Ia menambahkan bahwa APBD seharusnya diprioritaskan untuk kepentingan rakyat luas, seperti peningkatan kualitas pendidikan, pelayanan kesehatan, penciptaan lapangan kerja, serta pembangunan infrastruktur publik yang lebih merata.
“APBD adalah uang rakyat yang seharusnya digunakan sebesar-besarnya untuk kepentingan rakyat. Ketika anggaran daerah justru dialokasikan untuk fasilitas hiburan atau gaya hidup pejabat, maka itu menunjukkan adanya krisis prioritas dalam pengelolaan keuangan daerah,” lanjutnya.
EW LMND Sumsel juga menilai bahwa alasan yang menyebut pengadaan tersebut masih sebatas tahap perencanaan tidak cukup untuk meredam kritik publik. Fakta bahwa rencana pengadaan itu telah tercantum dalam sistem perencanaan pengadaan pemerintah menunjukkan bahwa kebijakan tersebut telah disusun secara administratif dan karenanya layak dipertanyakan secara politik maupun moral. Sebagai lembaga representasi rakyat, DPRD seharusnya menunjukkan teladan dalam penggunaan anggaran secara sederhana, transparan, dan berpihak pada kepentingan masyarakat.
Atas dasar itu, EW LMND Sumsel menyampaikan beberapa tuntutan :
Pertama, mendesak agar seluruh rencana pengadaan fasilitas mewah untuk rumah dinas pimpinan DPRD Sumatera Selatan segera dibatalkan.
Kedua, meminta dilakukan evaluasi menyeluruh terhadap seluruh rencana belanja fasilitas rumah dinas yang dinilai tidak memiliki urgensi bagi kepentingan publik.
Ketiga, mendorong adanya transparansi dan akuntabilitas yang lebih kuat dalam pengelolaan anggaran daerah agar tidak digunakan untuk kepentingan elit semata.
Keempat, mendesak DPRD Sumatera Selatan untuk kembali menempatkan kepentingan rakyat sebagai prioritas utama dalam setiap kebijakan penganggaran daerah.
EW LMND Sumsel menegaskan bahwa wakil rakyat seharusnya menunjukkan keberpihakan nyata kepada masyarakat, bukan justru menampilkan simbol kemewahan yang berpotensi melukai rasa keadilan rakyat.
“Rakyat tidak membutuhkan wakil yang hidup nyaman dengan fasilitas berlebihan dari uang rakyat.
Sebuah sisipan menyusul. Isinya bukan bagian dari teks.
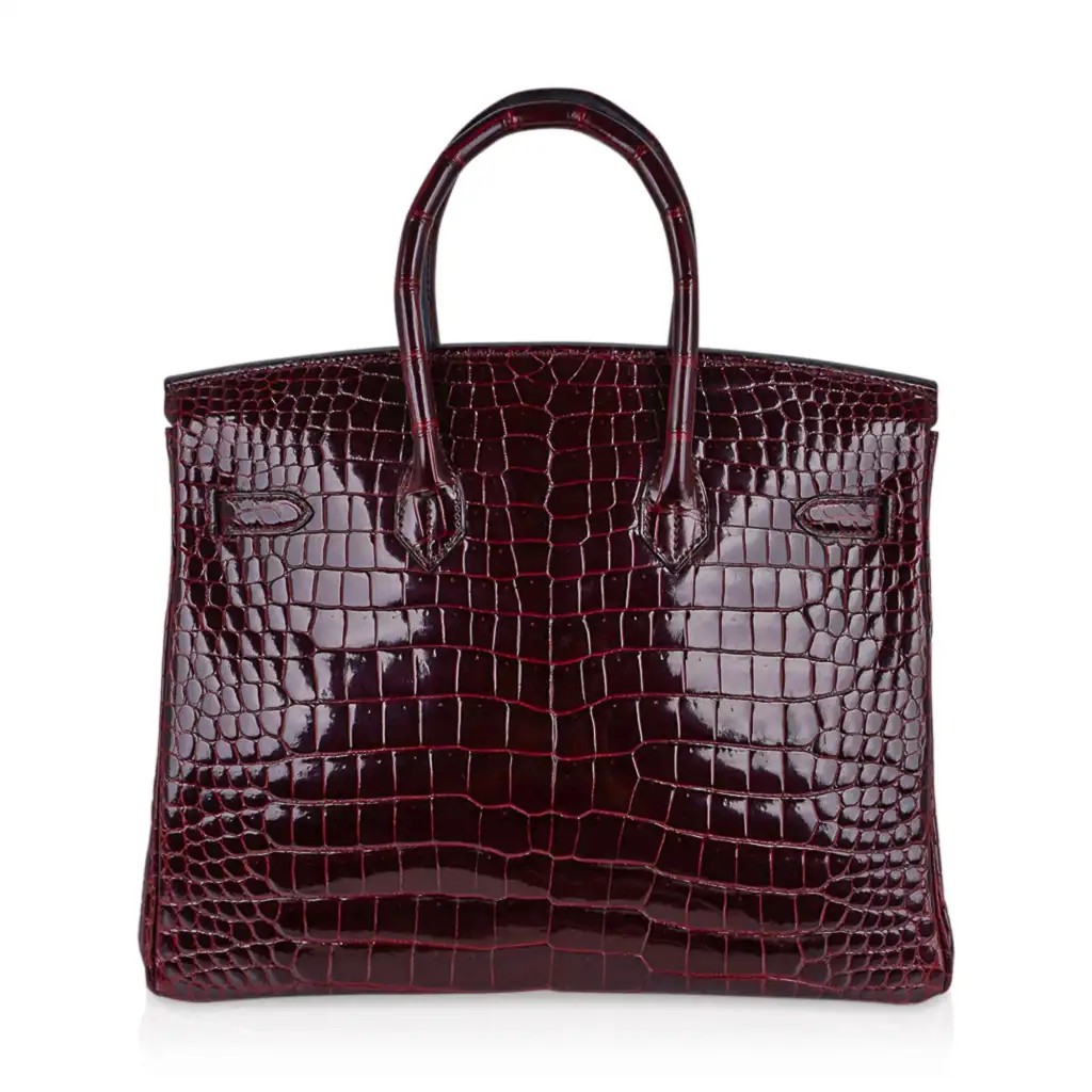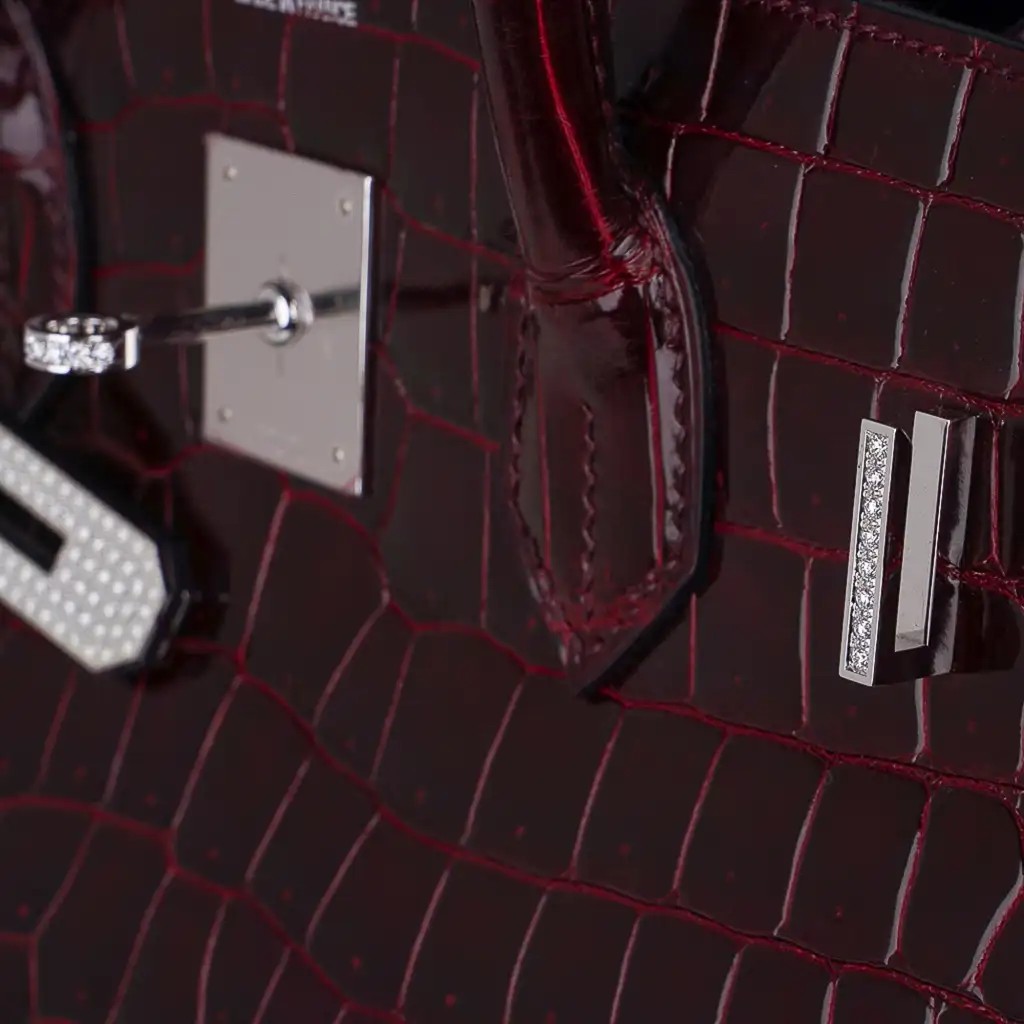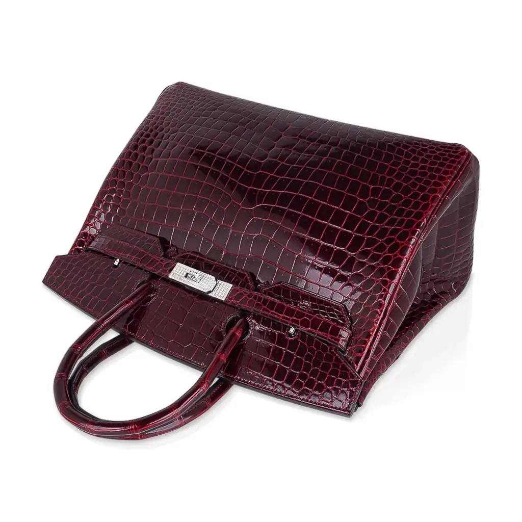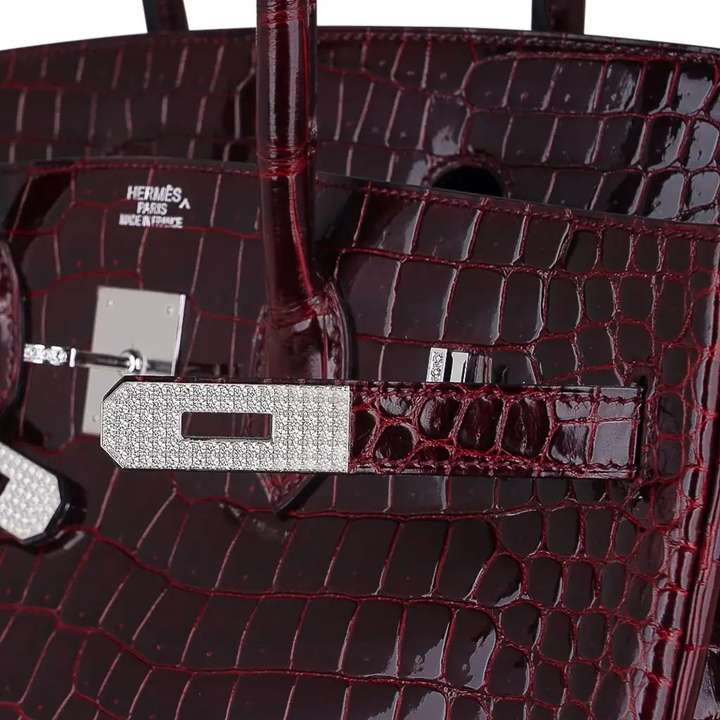 Hermes Birkin 35 Bag Diamond Bordeaux Porosus Crocodile with White Gold Hardware
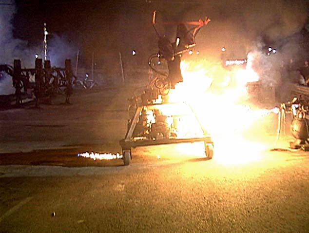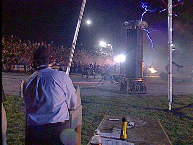 Tesla Coil with Running Machine, Triangle Machine, and Subjugator in background

Rakyat membutuhkan wakil yang bekerja sungguh-sungguh memperjuangkan kesejahteraan mereka. Karena itu, kami meminta DPRD Sumsel menghentikan praktik penganggaran yang tidak berpihak pada rakyat dan segera mengembalikan orientasi kebijakan kepada kepentingan publik,” tutup Ferry Maulana.